13:07We can use this information
13:10to better predict how large or how expensive our join will be.
13:18Just a simple example, why we want to do this join re-ordering,
13:23If you have, if you join these
13:25three relations here, there's a so called
13:29join-associativity that means that you can re-order these joins
13:34in any form that you want, atleast if it's an inner-join.
13:38Instead of joining relation one or two first
13:41and then joining it with relation three, you could also
13:44switch the order and join two with three
13:49first for example, because these joins might be faster to do.
13:55What have we learned about query optimization?

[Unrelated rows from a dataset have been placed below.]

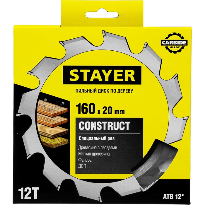 Пильные диски для строительной древесины с гвоздями ″CONSTRUCT″ 3683-165-20-12_z01 Stayer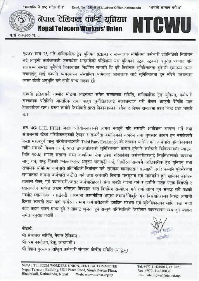 काठमाडौं । नेपाल टेलिकममा कार्यरत नेपाल टेलिकम वर्कस युनियनले विभिन्न माग राखेर विरोधका कार्यक्रम गरेका छन् ।
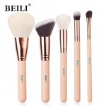 Our brush set boasts an exceptional blend of natural and synthetic bristles, including luxurious goat hair, pony hair, and nano fiber. This combination ensures smooth, even, and comfortable application. The brushes come in a variety of sizes and types, ranging from big powder brushes to detailed liners, meeting all your makeup needs. Encased in a chic pink and rose gold finish, each brush is a work of art in itself.

13:58It just becomes increasingly important, so if you look at OLTP
14:03systems, all you do usually there in 90 %
14:06of the cases is, you have your access via the primary key,
14:10you access your primary key index, because there usually always is one
14:14and then that's pretty much done. But now with all the analytical
14:17systems with mixed workloads where you execute
14:20transaction queries and complex analytical queries,
14:23the query optimization or the optimizer becomes increasingly
14:26important.
14:29However as we, challenging tasks that we have
14:32shown in the last slides, pretty much all the databases are
14:35still not very accurate in estimating the costs
14:38and it is computationally really expensive
14:43operation to optimize the queries. Usually
14:46no database will give you the perfect plan, they just stop at
14:49some time because the are just too many alternatives
14:52and try to give you the best estimate, the best plan they
14:56can find in a certain amount of time.

About this video

In this lecture we continue the series about query processing and have a closer look at the optimizations conducted by the database the query optimizer. This includes the selection of suited execution orders composed in so called query plans.